Quando viajamos, há nas cidades que visitamos, pormenores que nos chamam a atenção e não conseguimos esquece-los. Em Elvas, encantei-me por com uma varanda burguesa, onde um menino gordo, que parece ter perdido todo o pudor característico dos finais do século XIX se lança nu numa dança desenfreada ora destapando ora cobrindo-se com uma longa écharpe. Dir-se-ia quase que é um dançarino de um espectáculo burlesco para cavalheiros vitorianos. Enfim, este género de figuras faz-me sempre pensar na estranha sexualidade da burguesia dos finais do século XIX, que se comprazia com imagens como estas e escolhi-as para enfeitar as varandas das suas residência.
Donatello. Decoração com danças dionisíacas. Coro da igreja de Santa Maria das Flores, em Florença, estrutura que hoje se pode admirar no Museo dell’Opera del Duomo. Foto Wikipedia |
Contudo, faço um julgamento demasiado severo dessas famílias burguesas, que encomendavam varandas decoradas com meninos gordos dançando nus, em números de teatro burlesco. Na verdade este motivo decorativo representa uma dança dionisíaca e era já usado na antiguidade, surgindo nos sarcófagos romanos. No Renascimento, Donatello usou este motivo no coro da igreja de Santa Maria das Flores, em Florença, estrutura que hoje se pode admirar no Museo dell’Opera del Duomo e no século XVIII estes meninos bacantes faziam de tal maneira parte do vocabulário das artes decorativas, que podiam enfeitar a base de um relógio francês. Portanto este motivo decorativo na varanda de uma casa burguesa, que a nós nos parece um bocadinho perverso, tinha a dignidade emprestada pela arte da antiguidade clássica.

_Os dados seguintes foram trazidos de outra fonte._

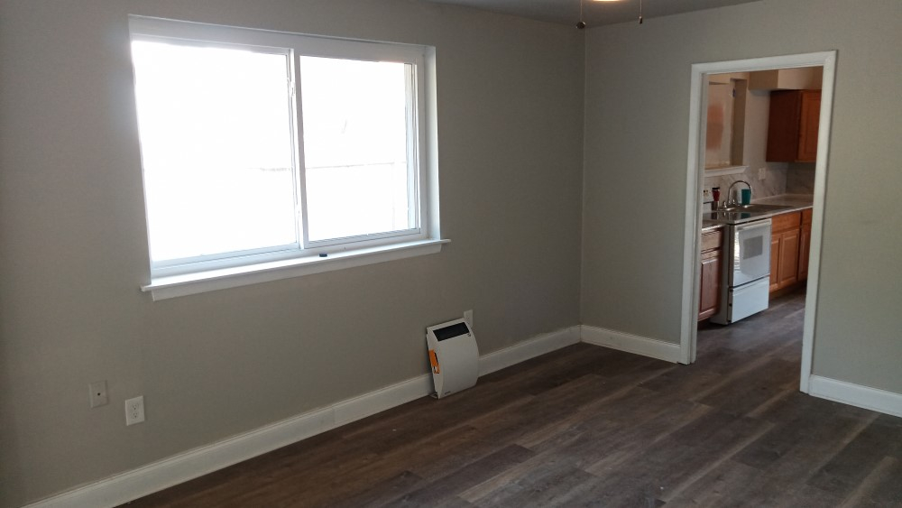 I've posted this next pic before, but here's a refresher.  This is the wood-look LVP flooring we put into all four units of the two duplexes we reno'ed last year.  In our case, we had to replace all the flooring in the house anyway, so it runs continuously from the kitchen to the living room.  But if you're just doing the kitchen flooring, for whatever floor you choose, you'll just want to make sure it has a nice "look and flow" with the flooring it will be next to.

Detalhe de relógio francês do séc. XVIII, com putti em dança báquica. Foto retirada da leiloeira Rouillac |
Sobre estas varandas de ferro, presentes na arquitectura das casas portuguesas de Norte a Sul do País não há praticamente bibliografia capaz de nos informar sobre os fabricantes, as formas típicas de cada época e por aí fora. O único texto que encontrei foi um artigo do Boletim da Associação Cultural Amigos do Porto, 3º série, nº 19, de 2001, muito bem escrito por Francisco Queiroz, intitulado Subsídios para a história das fábricas de Fundição do Porto no século XIX. Em primeiro, lugar, este autor esclarece-nos que na época deste balcão, os finais do século XIX, os componentes para estas varandas já eram feitos industrialmente em ferro fundido. Os mais antigos é que eram forjados à mão por oficinas de serralharia. Embora, em alguns trabalho, os serralheiros pudessem fazer um acabamento manual da produção industrial para se conseguir um resultado mais perfeito. Neste artigo de Francisco Queiroz, enumeram-se as fábricas do Porto, a maioria propriedade de famílias inglesas ou a funcionarem com técnicos ingleses e referem-se as também as fábricas lisboetas. No entanto, o assunto parece estar ainda pouco estudado e não há uma relação entre essas fábricas e todas as varandas, peitoris e portões de ferro espalhados por esse País fora.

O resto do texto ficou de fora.